Iran's Khatam al-Anbia Central Headquarters, the operational command of the Islamic Revolutionary Guard Corps (IRGC), declared the Strait of Hormuz closed on Saturday 20 June and called the move "the first step of response to the enemy's breach of trust" 1. The order came from the corps, not from Iran's Foreign Ministry. IRGC boats told all commercial shipping to stay clear. The stated grounds were that Israeli strikes in Lebanon broke Article 1 of the Islamabad Memorandum of Understanding (MoU), the deal Iran and the US signed on 15 June under Pakistani and Qatari mediation.
This is the IRGC's second Hormuz closure declaration of the war. The first came on 11 June, an order US Central Command (CENTCOM) also rejected at the time. CENTCOM rejected this one too: spokesman Navy Captain Tim Hawkins said "Iran does not control the strait of Hormuz" 2, and reported commercial traffic continuing to move. The pattern is now set across two declarations in nine days, with the corps closing the waterway by announcement and the transit data answering back.

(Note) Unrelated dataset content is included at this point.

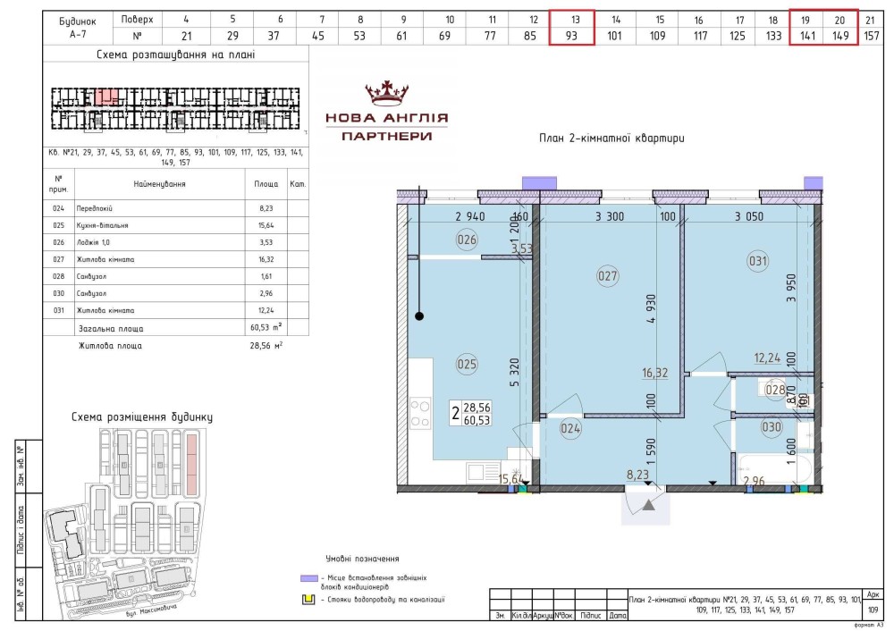 - Квартира № 149 на 20му поверсі. Загальна площа - 60,30 м². Вартість - 3 618 000 грн.

The closure exposes the same fracture visible at the Switzerland talks the next day, where Araghchi and Ghalibaf were negotiating the MOU even as the corps declared its central provision void. Khamenei has not appeared in public since 8 March and communicates by sealed courier, so the corps runs the war while the civilian ministry runs the diplomatic track. The two arms of the Iranian state point in opposite directions on the same calendar day.

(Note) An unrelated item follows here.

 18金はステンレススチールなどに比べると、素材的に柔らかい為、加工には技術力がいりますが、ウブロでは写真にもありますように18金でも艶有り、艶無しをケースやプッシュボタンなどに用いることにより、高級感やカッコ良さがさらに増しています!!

Article 1 of the MOU governs the ceasefire, and Iran's case is that Israel's Lebanon offensive broke it. Yet Israel never signed the MOU and rejected its terms outright . Iran is invoking a breach of a deal by a government that is not party to it, which makes the closure a pressure instrument aimed at Washington over Lebanon rather than a maritime measure with a legal spine.